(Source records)
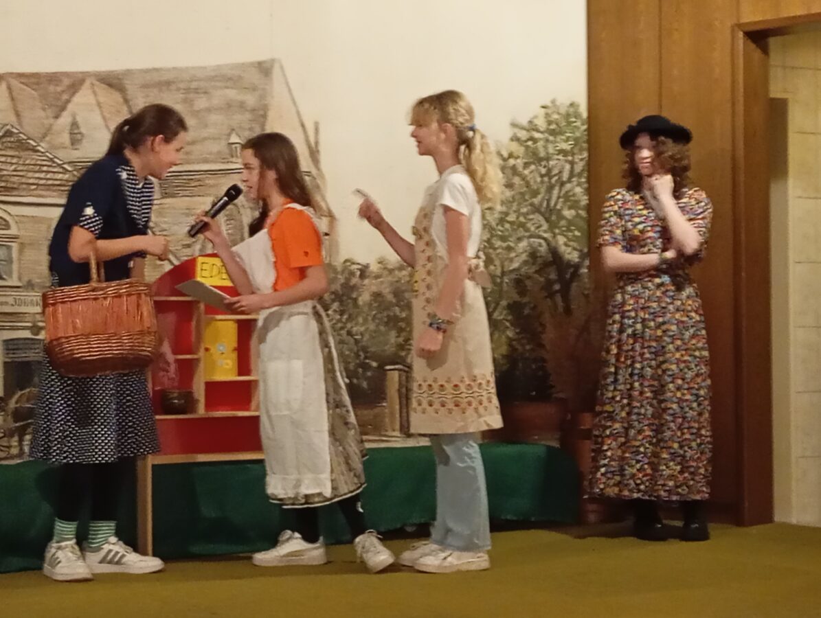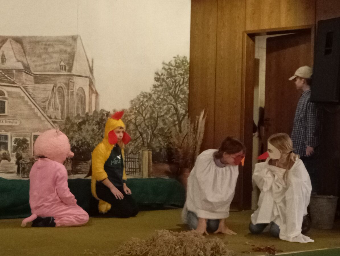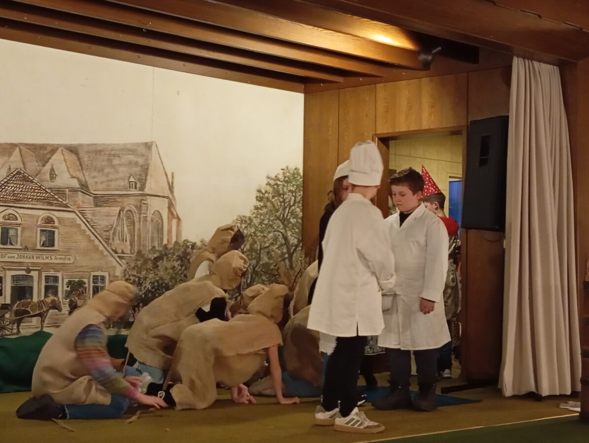Einen vergnüglichen plattdeutschen Nachmittag erlebten die Besucher bei Kaffee und Kuchen im vollbesetzten Saal von Brömmel-Wilms in Erle. Die großen und kleinen Brejpottspöllers führten eine ganze Reihe sowohl selbst verfasster als auch in Erler Platt übertragener Sketche auf. Bei dem Sketch „Dat Püggesken un de Kassen“ (Das Ferkel und die Kirschen) aus Michel aus Lönneberga konnten die kleinen Schauspieler ihrem Bewegungsdrang freien Lauf lassen. Denn dat Püggesken jagte, berauscht von den vergorenen Kirschen, die Michel auf den Misthaufen geschüttet hatte, den Hahn und die Hühner bis zur Erschöpfung. Bewundernswert ist neben dem urigen Platt aus Kindermund immer wieder auch die aufwendige bunte Kostümierung, in der die Kinder insbesondere in Tierrollen auftreten, wie z. B. auch als Ratten im bekannten Märchen „Denn Rattenfänger van Hameln“.
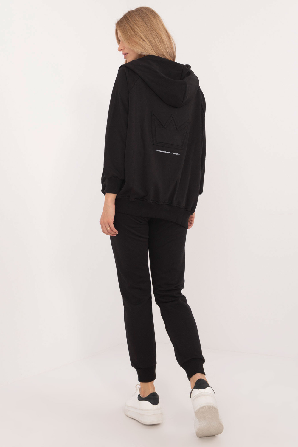 Komplekti mõõdud suuruses one, mõõdetuna tasapinnaliselt: dressipluusi laius all käed - 69 cm, varruka pikkus - 60 cm, dressipluusi pikkus - 67 cm, ülaosa laius kaenla alt - 38 cm, ülaosa pikkus - 45 cm, pükste vöö laius - 31 cm, vöö kõrgus - 32 cm (lame), pükste vöö laius - 44 cm (peale venitamist), pükste pikkus - 104 cm.
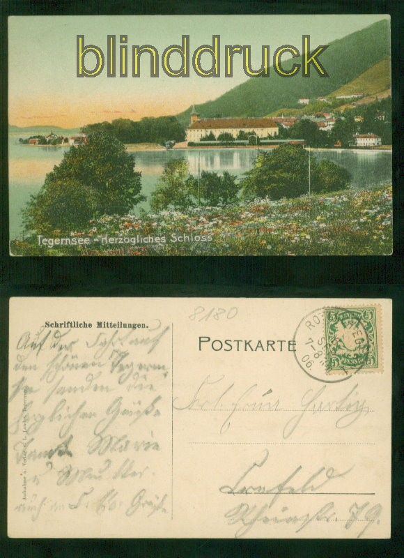 Bayern Tegernsee farb-AK Herzogliches Schloss 1906 aus Rottach Karte gelaufen aus Rottach 6.9.1906 Erhaltung siehe Scan
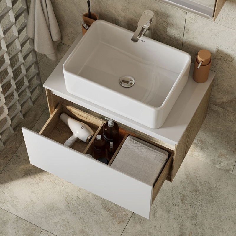 Ящик открыввается одним нажатием, так как оснащены механизмом Push-to-Open, гарантирующим плавное открывание и закрывание. В тумбах с ящиками размером от 70 см предусмотрена регулируемая система хранения, которая позволяет организовать пространство внутри ящика максимально эффективно. Это обеспечивает комфортное хранение вещей в ванной комнате.
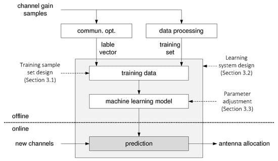 - We interpret the antenna allocation system for multiuser communication as a multiclass classification learning system. For the components of the learning system, such as the training data and the corresponding class labels, we first model the counterparts in the conventional communication system, and we then construct them with a proper format for the learning system.
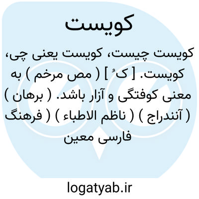 کویست. [ ک ُ ] ( مص مرخم ) به معنی کوفتگی و آزار باشد. ( برهان ) ( آنندراج ) ( ناظم الاطباء ) ( فرهنگ فارسی معین ). رجوع به کویستن شود.
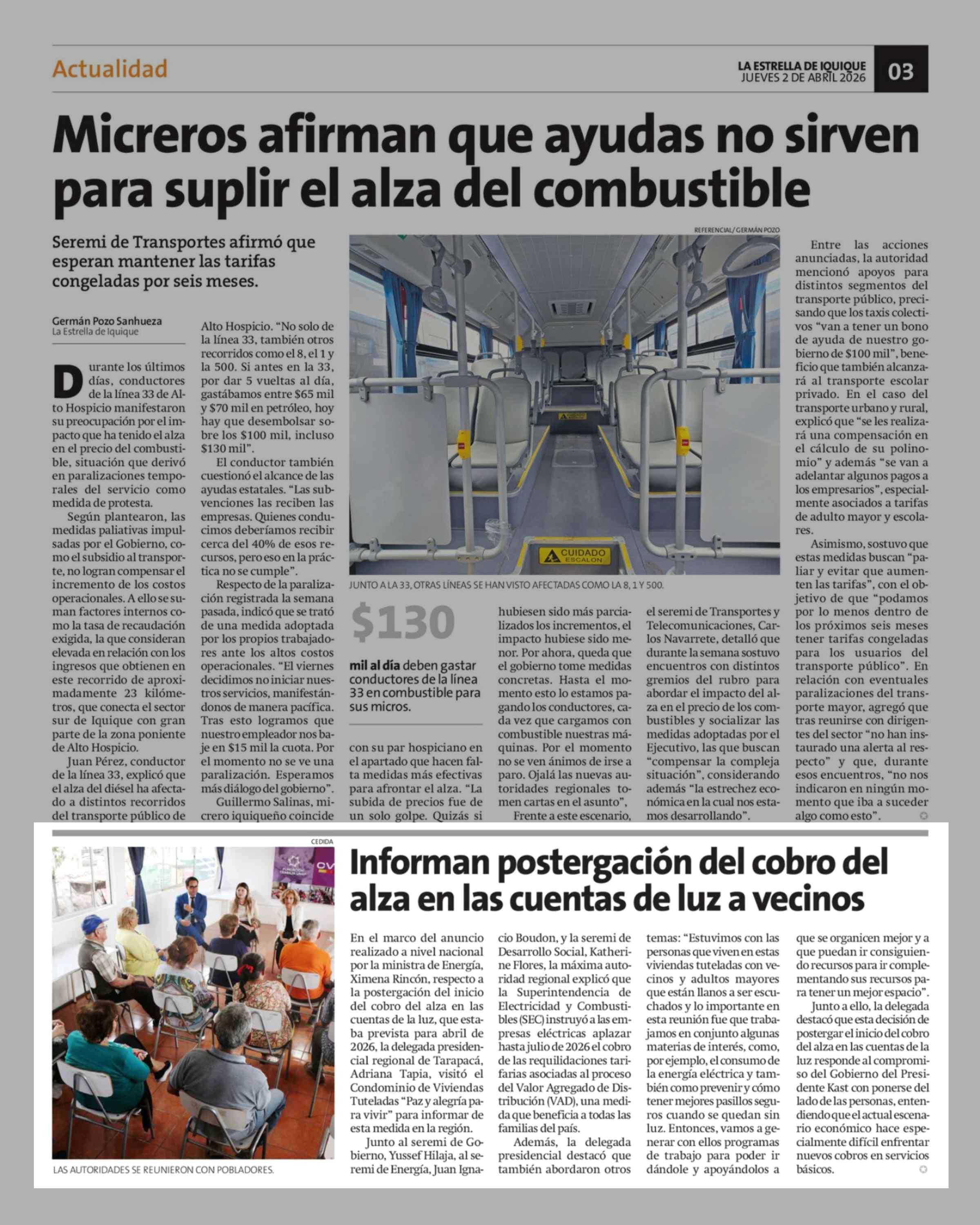 Informan postergación del cobro del alza en las cuentas de luz a vecinos 02-04-2026 La Estrella de Iquique |

**PROMPT:** Set down all the data again exactly as above, pictures excluded.

**EXERCISE OUTPUT:**
Einen vergnüglichen plattdeutschen Nachmittag erlebten die Besucher bei Kaffee und Kuchen im vollbesetzten Saal von Brömmel-Wilms in Erle. Die großen und kleinen Brejpottspöllers führten eine ganze Reihe sowohl selbst verfasster als auch in Erler Platt übertragener Sketche auf. Bei dem Sketch „Dat Püggesken un de Kassen“ (Das Ferkel und die Kirschen) aus Michel aus Lönneberga konnten die kleinen Schauspieler ihrem Bewegungsdrang freien Lauf lassen. Denn dat Püggesken jagte, berauscht von den vergorenen Kirschen, die Michel auf den Misthaufen geschüttet hatte, den Hahn und die Hühner bis zur Erschöpfung. Bewundernswert ist neben dem urigen Platt aus Kindermund immer wieder auch die aufwendige bunte Kostümierung, in der die Kinder insbesondere in Tierrollen auftreten, wie z. B. auch als Ratten im bekannten Märchen „Denn Rattenfänger van Hameln“.
 Komplekti mõõdud suuruses one, mõõdetuna tasapinnaliselt: dressipluusi laius all käed - 69 cm, varruka pikkus - 60 cm, dressipluusi pikkus - 67 cm, ülaosa laius kaenla alt - 38 cm, ülaosa pikkus - 45 cm, pükste vöö laius - 31 cm, vöö kõrgus - 32 cm (lame), pükste vöö laius - 44 cm (peale venitamist), pükste pikkus - 104 cm.
 Bayern Tegernsee farb-AK Herzogliches Schloss 1906 aus Rottach Karte gelaufen aus Rottach 6.9.1906 Erhaltung siehe Scan
 Ящик открыввается одним нажатием, так как оснащены механизмом Push-to-Open, гарантирующим плавное открывание и закрывание. В тумбах с ящиками размером от 70 см предусмотрена регулируемая система хранения, которая позволяет организовать пространство внутри ящика максимально эффективно. Это обеспечивает комфортное хранение вещей в ванной комнате.
 - We interpret the antenna allocation system for multiuser communication as a multiclass classification learning system. For the components of the learning system, such as the training data and the corresponding class labels, we first model the counterparts in the conventional communication system, and we then construct them with a proper format for the learning system.
 کویست. [ ک ُ ] ( مص مرخم ) به معنی کوفتگی و آزار باشد. ( برهان ) ( آنندراج ) ( ناظم الاطباء ) ( فرهنگ فارسی معین ). رجوع به کویستن شود.
 Informan postergación del cobro del alza en las cuentas de luz a vecinos 02-04-2026 La Estrella de Iquique |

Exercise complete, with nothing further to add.